**** Source data
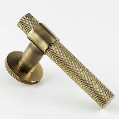 Hard and Ware TL1 solid brass T-Bar Knurled Lever on un sprung knurled round rose. With a two part concealed fixing 50mm diameter screw on round rose, with 8mm spindle bar, supplied complete with bolt through fixings and screws.
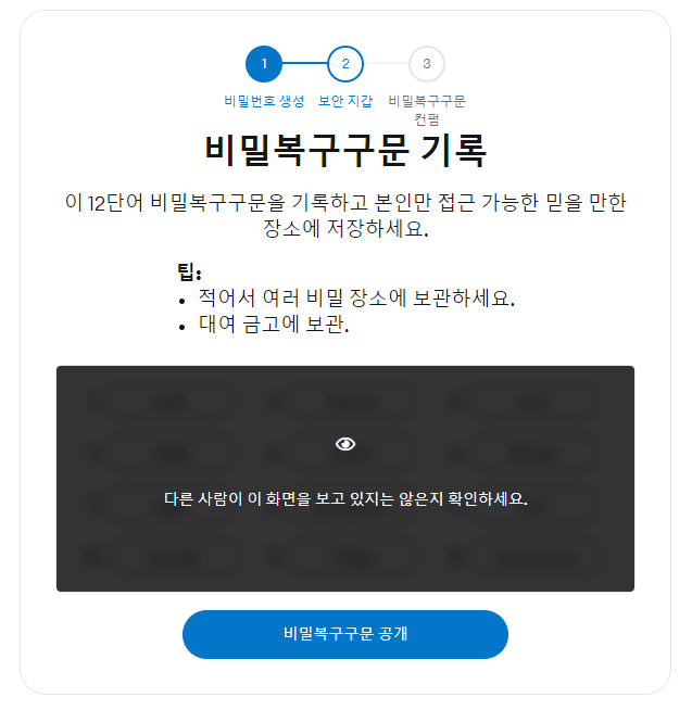 해당 비밀복구구문을 재확인하기도 하니, 꼭 다른 데에 메모해두시길 바랍니다.
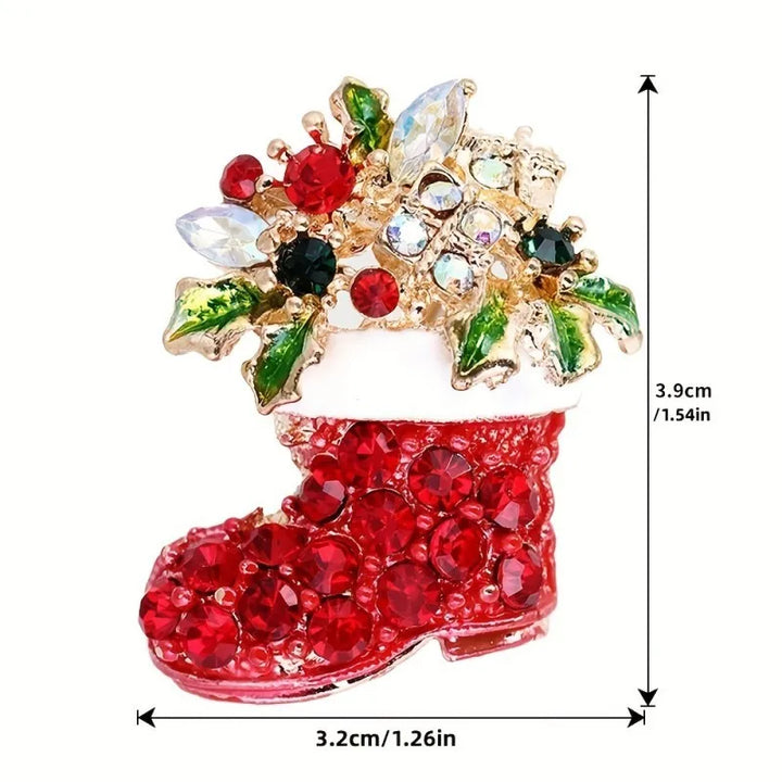 Christmas Brooch Women's Pin Suit Accessories Jewel Crystal Cute Christmas Boot Bell Brooches,Holiday Season Gifts.
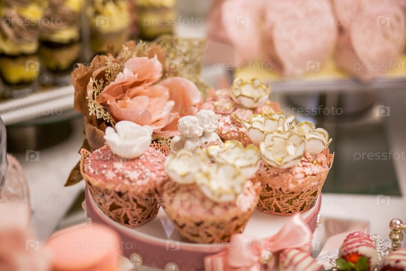 Вкусные десерты в свадебном конфет-баре в зоне буфета: кексы, украшенные ангелами, сахарные пузыри и золотой краситель
********
■ **Task details**
Give back the material exactly as written, images excluded.

■ **Result of this task**
 Hard and Ware TL1 solid brass T-Bar Knurled Lever on un sprung knurled round rose. With a two part concealed fixing 50mm diameter screw on round rose, with 8mm spindle bar, supplied complete with bolt through fixings and screws.
 해당 비밀복구구문을 재확인하기도 하니, 꼭 다른 데에 메모해두시길 바랍니다.
 Christmas Brooch Women's Pin Suit Accessories Jewel Crystal Cute Christmas Boot Bell Brooches,Holiday Season Gifts.
 Вкусные десерты в свадебном конфет-баре в зоне буфета: кексы, украшенные ангелами, сахарные пузыри и золотой краситель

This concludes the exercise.